ACTION ITEM: Transcribe this listing exactly; omit the pictures.

SUPPLIED DATA:
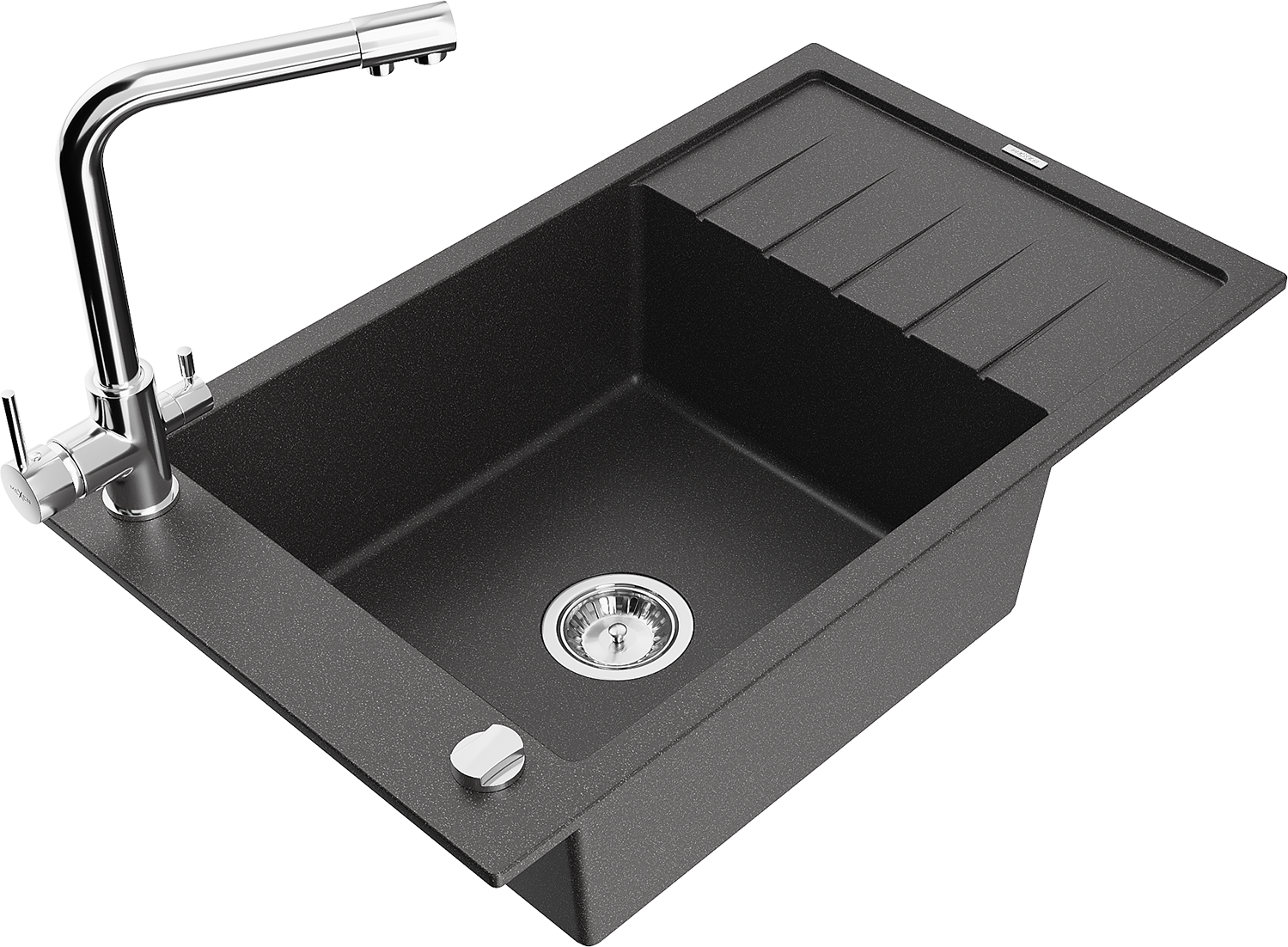 Mexen Elias évier de cuisine en granit 1 bac avec égouttoir et robinet de cuisine Duero, noir moucheté - 6511-76-671600-00
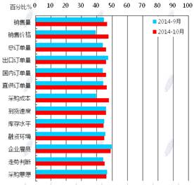 蘭格鋼鐵信息研究中心統(tǒng)計(jì)發(fā)布2014年10月鋼鐵流通業(yè)PMI總指數(shù)為47.8,環(huán)比微升0.6個(gè)百分點(diǎn)(見(jiàn)圖1),顯示鋼鐵流通市場(chǎng)活躍度略有好轉(zhuǎn)。從各項(xiàng)分指數(shù)看,10月份鋼鋼鐵流通業(yè)PMI調(diào)查的10項(xiàng)分指數(shù)5升5降。其中,企業(yè)銷(xiāo)量增加,下游訂單增加,但企業(yè)對(duì)后市較為謹(jǐn)慎,采購(gòu)意愿未增(見(jiàn)圖2)??傮w判斷11月鋼鐵流通市場(chǎng)需求景氣微升。
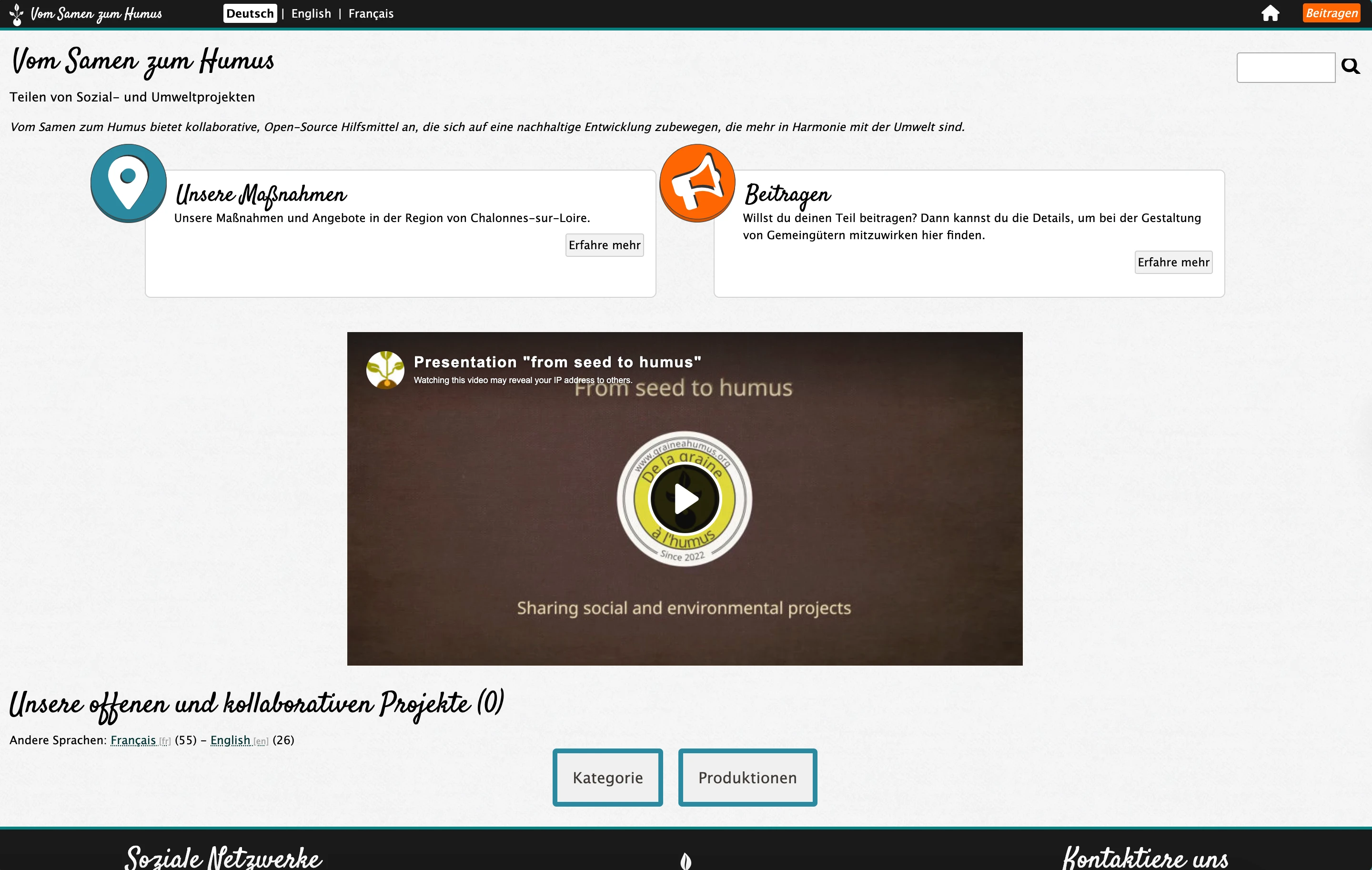 Pro Bono Work for De la graine à l'humus, to translate website from English to German.

PROBLEM SOLUTION:
 Mexen Elias évier de cuisine en granit 1 bac avec égouttoir et robinet de cuisine Duero, noir moucheté - 6511-76-671600-00
 蘭格鋼鐵信息研究中心統(tǒng)計(jì)發(fā)布2014年10月鋼鐵流通業(yè)PMI總指數(shù)為47.8,環(huán)比微升0.6個(gè)百分點(diǎn)(見(jiàn)圖1),顯示鋼鐵流通市場(chǎng)活躍度略有好轉(zhuǎn)。從各項(xiàng)分指數(shù)看,10月份鋼鋼鐵流通業(yè)PMI調(diào)查的10項(xiàng)分指數(shù)5升5降。其中,企業(yè)銷(xiāo)量增加,下游訂單增加,但企業(yè)對(duì)后市較為謹(jǐn)慎,采購(gòu)意愿未增(見(jiàn)圖2)??傮w判斷11月鋼鐵流通市場(chǎng)需求景氣微升。
 Pro Bono Work for De la graine à l'humus, to translate website from English to German.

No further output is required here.